* _Task to carry out_
Consider the listing below. Extract exactly the lines from the line containing "Круглая форма —" to the line containing "A Vertex ThermoSens", both included.

* _Exercise data_
————————

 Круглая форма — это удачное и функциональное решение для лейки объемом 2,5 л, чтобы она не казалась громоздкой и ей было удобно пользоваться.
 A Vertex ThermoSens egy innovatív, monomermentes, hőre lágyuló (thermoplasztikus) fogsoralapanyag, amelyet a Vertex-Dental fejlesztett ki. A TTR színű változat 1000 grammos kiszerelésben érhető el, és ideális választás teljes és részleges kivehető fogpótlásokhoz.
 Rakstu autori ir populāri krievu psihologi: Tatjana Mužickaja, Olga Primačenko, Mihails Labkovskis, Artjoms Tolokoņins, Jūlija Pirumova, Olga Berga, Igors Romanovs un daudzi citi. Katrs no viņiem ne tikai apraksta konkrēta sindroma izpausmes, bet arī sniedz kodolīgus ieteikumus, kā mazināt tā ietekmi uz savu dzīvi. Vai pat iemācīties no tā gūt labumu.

————————

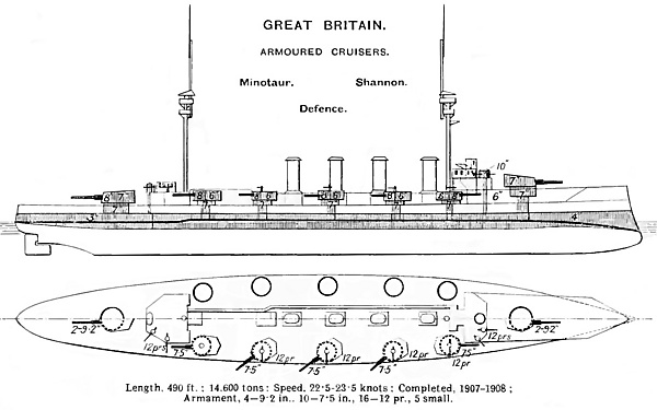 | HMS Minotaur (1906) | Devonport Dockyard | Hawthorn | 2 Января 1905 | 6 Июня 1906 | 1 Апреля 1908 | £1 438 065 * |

————————

* _Written response_
 Круглая форма — это удачное и функциональное решение для лейки объемом 2,5 л, чтобы она не казалась громоздкой и ей было удобно пользоваться.
 A Vertex ThermoSens egy innovatív, monomermentes, hőre lágyuló (thermoplasztikus) fogsoralapanyag, amelyet a Vertex-Dental fejlesztett ki. A TTR színű változat 1000 grammos kiszerelésben érhető el, és ideális választás teljes és részleges kivehető fogpótlásokhoz.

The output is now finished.